Skip navigationThe Human Genome site
The Wellcome Trust
About this site | Sitemap | Contact us
In the genome Genes and the body Tackling disease Genetics and society In depth Resources What's new
 
Home > In the genome > Focus on genes > Background > Gene structure

Protein synthesis


Gene structure

8/1/03. By Richard Twyman

Protein coding genes have a coding region flanked by untranslated regions and may be split into exons and introns.

There are two general types of gene in the human genome: non-coding RNA genes and protein-coding genes.

Non-coding RNA genes represent 2-5 per cent of the total and encode functional RNA molecules. Many of these RNAs are involved in the control of gene expression, particularly protein synthesis. They have no overall conserved structure.

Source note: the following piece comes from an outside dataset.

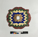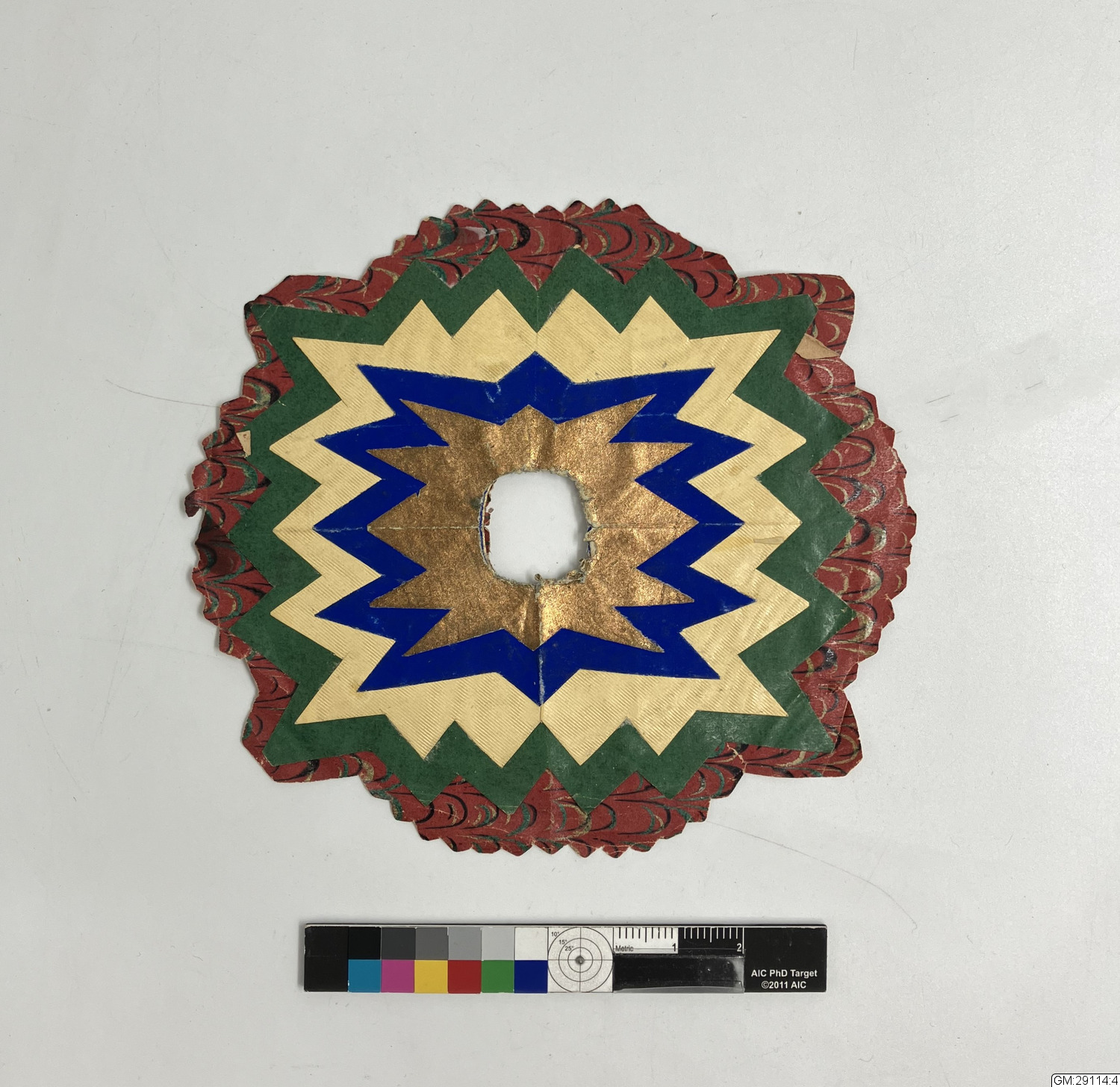 - Julgransprydnad av glanspapper klippt i många lager och former med vågig kant. Rund. Färger från ytterkant till mitten; röd grön, vit, klarblå samt guld, med hål i mitten att trä på julgranens grenar.

Protein-coding genes represent the majority of the total and are expressed in two stages: transcription and translation (see Gene expression ). They show incredible diversity in size and organisation and have no typical structure. There are, however, several conserved features.

structure of a gene
Simplified overview of gene structure and expression. A protein-coding gene is defined by the extent of the primary transcript. The promoter and any other regulatory elements are outside the gene. The gene itself is divided into three types of sequence. The coding region (light blue) is the information used to define the sequence of amino acids in the protein. The untranslated regions (dark blue) are found in the mRNA but are not used to define the protein sequence; they are often regulatory in nature. Finally introns (white) are found in primary transcript but spliced out of the mRNA. They may interrupt the coding and untranslated regions.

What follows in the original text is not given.